3. Era obrigatório trazer consigo o Boletim de Sanidade que, até 1976 pagava um imposto do selo no valor de 16 escudos e, apartir de 1977 até 1979 passou a ser de 47 escudos (um aumento de 200%) e as doceiras protestaram. Não sei o que se passou depois, porque a minha mãe foi operada à coluna e à coxartrose e reformou-se.
4. À Câmara era pago, em feiras e festas, o “terrado”.
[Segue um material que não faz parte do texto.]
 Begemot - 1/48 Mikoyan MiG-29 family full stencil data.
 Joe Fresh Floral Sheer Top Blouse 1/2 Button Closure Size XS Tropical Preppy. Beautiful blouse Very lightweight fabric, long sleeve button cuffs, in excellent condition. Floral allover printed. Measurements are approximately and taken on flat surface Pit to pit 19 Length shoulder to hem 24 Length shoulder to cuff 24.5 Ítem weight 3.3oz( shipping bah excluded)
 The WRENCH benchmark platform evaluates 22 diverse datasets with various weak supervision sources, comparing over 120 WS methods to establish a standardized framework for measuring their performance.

5. Era ainda paga um “contribuição industrial” ( “ilustrial” lhe chamavam as doceiras ) e foi com base nesta contribuição que a minha mãe recebeu em 1980 uma pequena reforma do ramo de “pastelaria e hotelaria”. Havia trabalhado 50 anos como doceira e cumprira todas as normas então vigentes.
6. Ainda havia a questão dos pesos. Todos os anos era necessário ir aos baixos do Tribunal fazer aaferição. Era retirado o chumbo marcado com a data do ano anterior e colocado outro com a data do ano corrente. Se alguém se tivesse esquecido, pagava uma multa maior que o custo da aferição.
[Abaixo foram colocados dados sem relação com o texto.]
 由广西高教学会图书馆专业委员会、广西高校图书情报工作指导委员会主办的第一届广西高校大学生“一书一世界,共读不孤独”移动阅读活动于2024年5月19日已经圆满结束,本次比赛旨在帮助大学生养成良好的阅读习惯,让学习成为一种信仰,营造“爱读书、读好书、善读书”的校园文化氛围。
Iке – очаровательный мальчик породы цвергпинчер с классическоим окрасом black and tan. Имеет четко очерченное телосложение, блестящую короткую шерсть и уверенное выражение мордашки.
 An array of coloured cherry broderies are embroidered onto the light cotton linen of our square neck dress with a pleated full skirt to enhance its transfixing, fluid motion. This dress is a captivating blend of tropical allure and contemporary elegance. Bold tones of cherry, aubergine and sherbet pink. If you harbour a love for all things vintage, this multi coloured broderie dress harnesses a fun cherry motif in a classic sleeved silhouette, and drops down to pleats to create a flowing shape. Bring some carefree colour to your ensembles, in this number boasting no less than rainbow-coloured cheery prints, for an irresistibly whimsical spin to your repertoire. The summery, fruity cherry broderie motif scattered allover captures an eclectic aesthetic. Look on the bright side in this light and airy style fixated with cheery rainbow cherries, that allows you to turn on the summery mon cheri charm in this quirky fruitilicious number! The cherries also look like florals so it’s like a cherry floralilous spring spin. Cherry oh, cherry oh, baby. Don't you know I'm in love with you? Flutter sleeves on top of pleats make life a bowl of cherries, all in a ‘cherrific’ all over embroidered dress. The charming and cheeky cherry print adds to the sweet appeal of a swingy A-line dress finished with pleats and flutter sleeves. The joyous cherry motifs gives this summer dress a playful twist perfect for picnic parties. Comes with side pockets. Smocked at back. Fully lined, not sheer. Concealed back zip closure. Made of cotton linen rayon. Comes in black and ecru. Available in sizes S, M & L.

7. Até 1945/50 as doceiras acondicionavam a amêndoa coberta em taleigas de linho grosso e estopa irrepreensivelmente brancas. Era então vendida a granel. O freguês pedia um quilo e, com um pequeno corredor como os do açúcar ou do café nos sotos, tiravam-se as amêndoas com muito jeitinho para não quebrar os bicos, e colocavam-se num cartucho de um papel parecido com papel costaneira. Pelos anos 50/55 tornou-se obrigatório o uso dos sacos de celofane de variadas cores e atados com uma fitinha, já muito semelhantes às embalagens de hoje.
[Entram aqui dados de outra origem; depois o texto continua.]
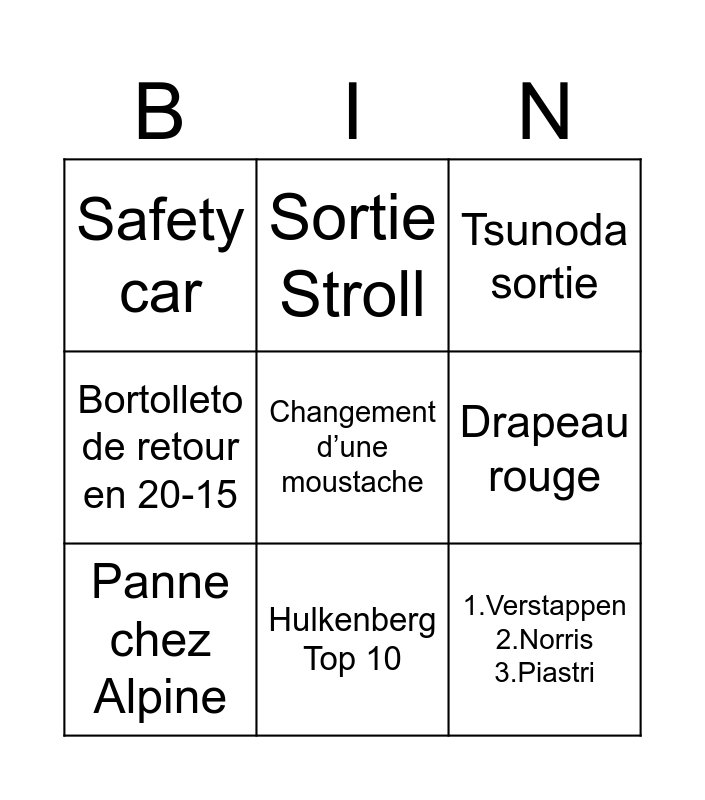 This bingo card has a free space and 8 words: Drapeau rouge, Tsunoda sortie, Sortie Stroll, Panne chez Alpine, Safety car, 1.Verstappen 2.Norris 3.Piastri, Bortolleto de retour en 20-15 and Hulkenberg Top 10.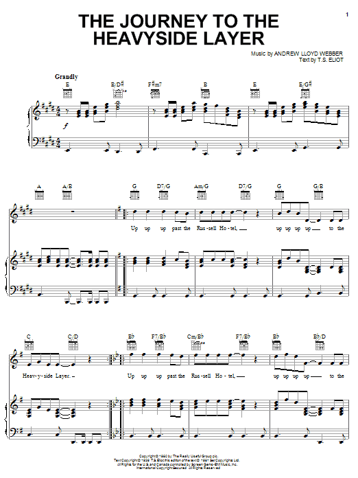 Download or print Andrew Lloyd Webber The Journey To The Heavyside Layer (from Cats) sheet music, chords and digital score arranged for Piano, Vocal & Guitar Chords (Right-Hand Melody). This Musical/Show score includes 2 page(s).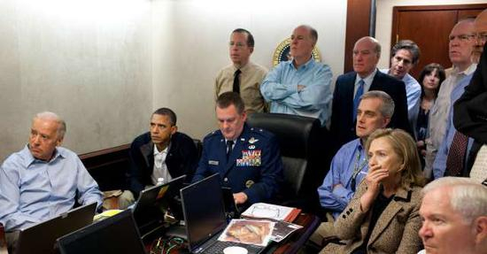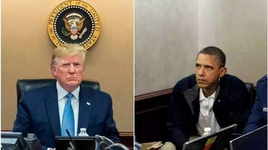 如果不告诉你照片的背景,你不会知道照片中的特朗普,正在全程关注一次重要的军事行动;而在奥巴马的照片中,每一位幕僚的表情,都像是一位各自领域的专家,正在紧盯着一次随时可能出现偏差,并造成美方人员伤亡的军事行动。

8. Formação das cobrideiras de amêndoa
Era feita por observação directa e também por “trial and error”. Com o tempo, uma moça expedita podia chegar a ser uma boa cobrideira.
Mas recordo que entre os anos de 1944 e 50 eu ficava em casa da minha professora primária, ora um mês ora dois meses, porque a minha mãe ia cobrir amêndoa para Vila-Flor e Mirandela, para que algumas raparigas aprendessem com ela. Era-lhe paga a jeira da trabalhadora do campo e tinha cama e mesa.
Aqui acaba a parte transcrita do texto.